Le premier extrait est celui de CC1, qui était en séjour à Paris durant neuf mois au cours de sa troisième année de Bachelor et qui était sur place pendant les grèves d’étudiants de 2018, durant laquelle les cours universitaires ont été suspendus. Elle explique qu’en raison des grèves, elle a dû trouver un autre moyen de pratiquer le français pour pallier l’absence de cours et de moments de rencontre avec des francophones :

78 j'ai fait des amis avant ça français et je n'ai pas je ne les ai pas vus à

aux cours et donc j'ai dû euh les envoyer des messages pour rencontrer pour se voir et ça (m'aidait/m'a aidée) parce que j'ai pa- j'ai passé le temps de de parler avec mes amis au lieu de être à côté d'eux en classe […]

<oui> et j- j'ai appris des choses euh par exemple des choses qu'on dit euh à l'oral avec des amis au lieu d- du cours […] et j'ai jamais entendu avant ça mais ça je ne pouvais pas apprendre aux cours mais mes amis m'a m'a appris m'a enseigné [rires] avec des amis c'est un autre langue complètement [rires] et c'est c'est bon d'apprendre les deux

(CC1, groupe profité+) Le deuxième extrait illustre aussi le groupe profité+ et est tiré de l’entretien avec une participante qui a séjourné à Paris et en Bretagne pendant six mois en qualité de jeune fille au pair.

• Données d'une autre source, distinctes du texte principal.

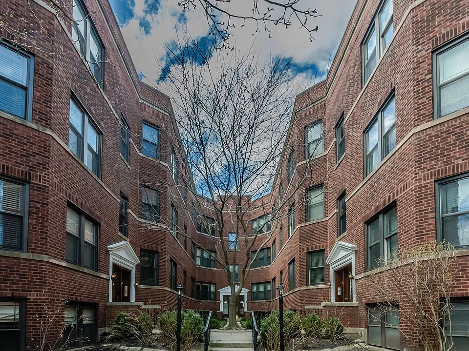 Bright 2BED/1BATH condo overlooking beautifully landscaped courtyard in fantastic location just one block from the lake. Many updates throughout this spacious condo. Large sunny living room with decorative brick fireplace with built in shelving. Kitchen (2013) with stainless steel appliances, granite counters and tile backsplash. The oversized separate dining room is perfect for entertaining. Both bedrooms are generous in size - large enough for king sized beds. Other features/updates: Bathroom rehab (2018), electrical upgrade (2013), Pella windows, Elfa closets, refinished hardwoods (2019), freshly painted (2019), large storage in basement. Investment friendly. Easy street parking. Prime location: Lake Michigan, South Blvd Beach, parks, bike trail, Northwestern, CTA and Metra stations.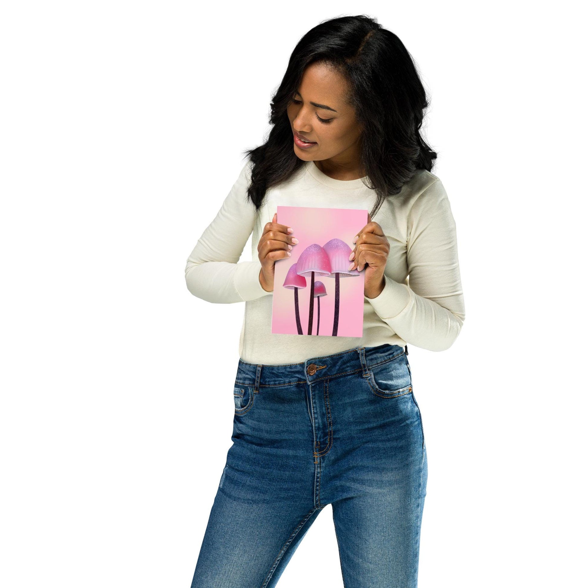 Pink Mushroom Art Print: Whimsical Fungi Botanical Decor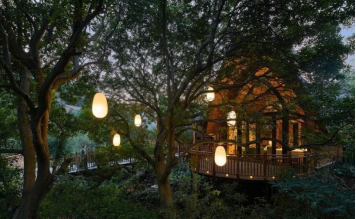 乐园拥有 174 间度假酒店客房和散落林中的 246 间特色度假屋。更有星空房、城堡房、树屋等网红特色度假屋坐落于此。同时提供了 25000 平方米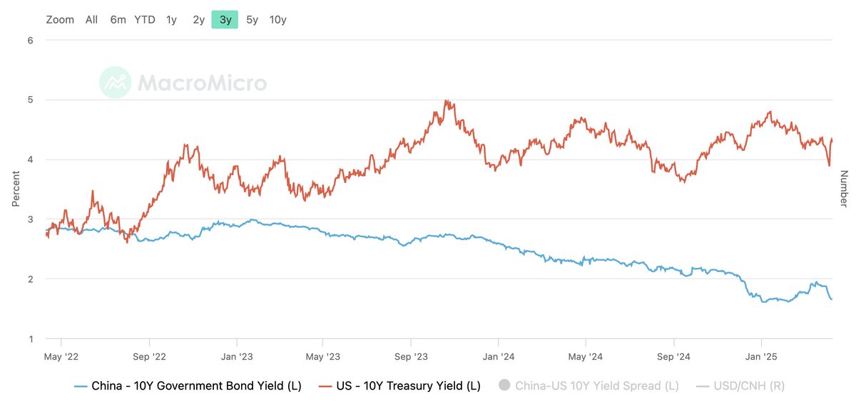 Strangers are willing to lend to China at a far lower yield than the US, i.e. the bond market is saying US is a bigger credit risk.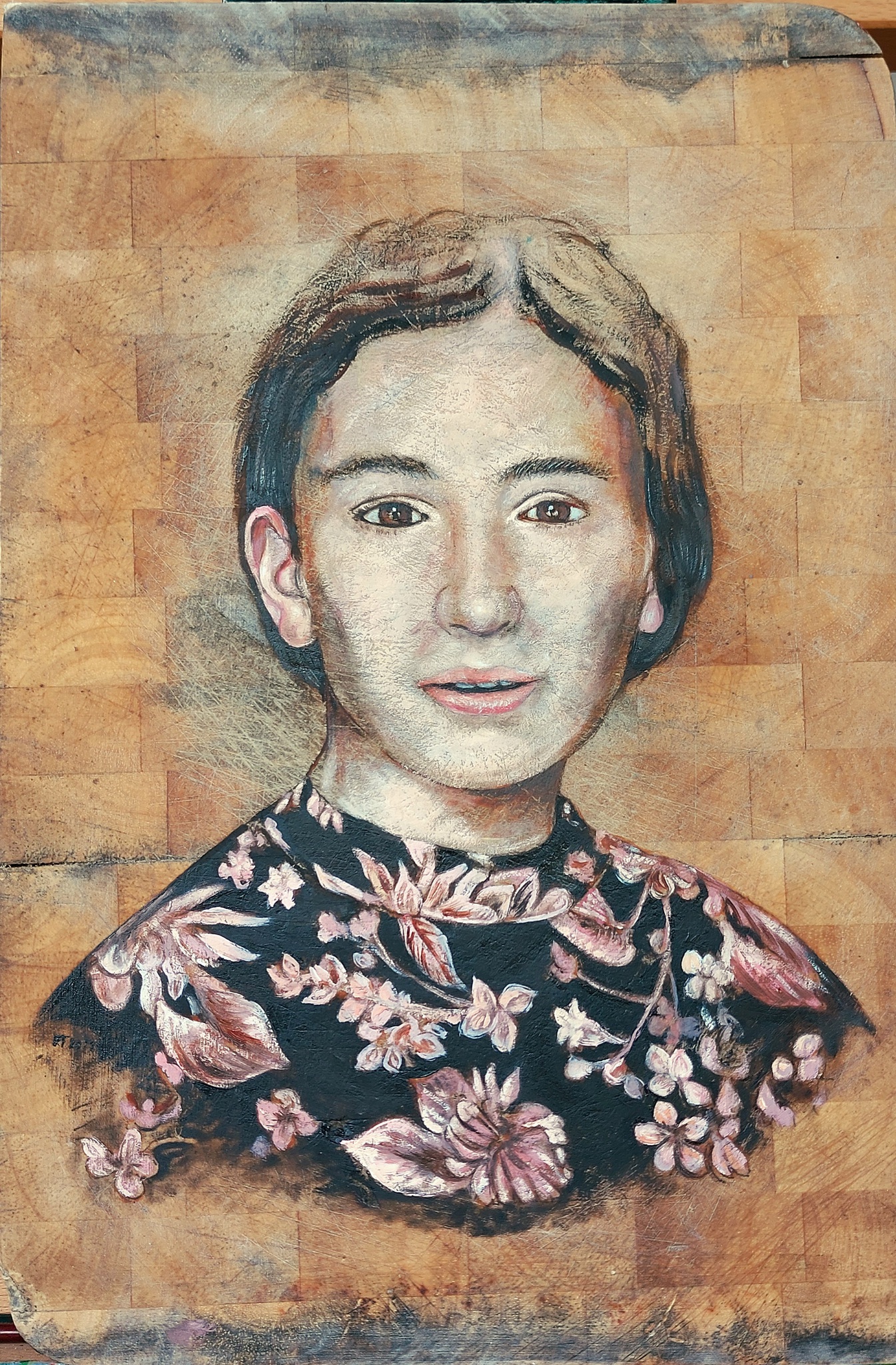Een verstild en ingehouden portret, gebaseerd op een foto in de krant, geschilderd op een oude snijplank.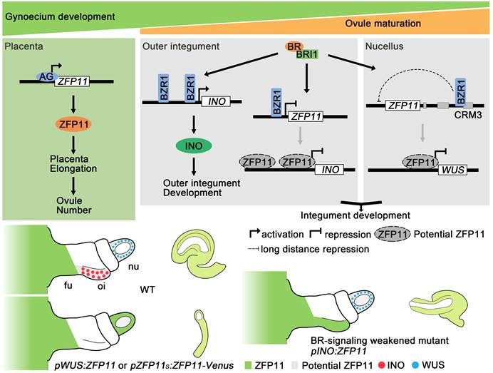 生命科学学院孙博课题组报道了拟南芥中BR信号通路和转录因子AG组织特异性调控C2H2型锌指蛋白ZFP11(ZINC FINGER PROTEIN11)表达以促进雌蕊和胚珠发育的分子机制。该研究通过对ZFP11的突变体、过表达植株和转基因回补系的分析,结合相关分子和细胞生物学实验结果,发现花发育第7期的雌蕊胎座组织中AG激活ZFP11表达,ZFP11促进胎座伸长以产生足够数量的胚珠;在胚珠发育过程中,ZFP11的表达被限制在珠柄中以维持胚珠的正常发育。进一步分析表明,BR信号下游转录因子BZR1(BRASSINAZOLE-RESISTANT 1)除了直接激活外珠被调控关键基因INO(INNER NO OUTER)表达以外,还结合到ZFP11启动子上并沉默其在外珠被的表达;珠心区ZFP11的表达则由位于下游的3’调控元件和相应的转录因子(如BZR1)抑制。在BR减弱的突变体或者pINO:ZFP11-eGFP转基因植株中,外珠被异位表达的ZFP11下调INO表达水平,造成外珠被发育缺陷;而在3’元件缺失的转基因材料或者pWUS:ZFP11-eGFP转基因植株中,ZFP11在珠心区异位表达并沉默WUS,造成更加严重的珠被和胚囊发育缺陷。

Elle souligne que son français s’est beaucoup amélioré pendant une partie du séjour qu’elle a passé en compagnie des grands-parents des enfants, car ils ne parlaient pas anglais :

particulièrement les grands-parents des enfants euh ils parlent pas un mot d'anglais [rires] […] pendant deux deux semaines je crois on est à

Bretagne dans une maison de vacances avec les grands-parents et au matin et après-midi les enfants font une cours de tennis et choses comme ça donc j'étais [rires] presque seule avec les grands-parents et cette deux semaines j'ai amélioré beaucoup parce que il y a pas d'autre choix

(CM1, groupe profité+)

Le troisième extrait, qui illustre cette fois le groupe profité–, est celui de CH1 qui a passé neuf mois à Paris pour sa troisième année de Bachelor. Elle dit n’avoir pas côtoyé de locuteurs francophones pendant son séjour et précise qu’il n’y a pas eu d’amélioration dans son français :

j'ai passé mon temps avec euh les autres (Irlandais/Irlandaises) au lieu de Français et alors mon français euh n'est mh n'était n'a n'a pas été euh amélioré beaucoup

(CH1, groupe profité–)

79 Le quatrième et dernier extrait illustre aussi le groupe profité– et est tiré de l’entretien avec une participante qui a passé huit mois à Paris. Elle explique dans cet extrait qu’elle a parlé principalement anglais pendant son séjour en raison de son cercle sur place :

j'ai parlé anglais beaucoup de temps à Paris car mes (amis/amies) là ils sont américaines et australiennes et anglaises

(RB1, groupe profité–)

Ces quatre extraits illustrent les deux catégories profité+ et profité– du point de vue de l’expérience d’immersion en fonction de l’input en français et des contacts avec les locuteurs natifs. Ces quatre participantes ne semblent pas avoir profité de la même qualité d’immersion et c’est sur la base de cette observation qu’a été formulée la seconde hypothèse de l’étude présentée à la section 4.1.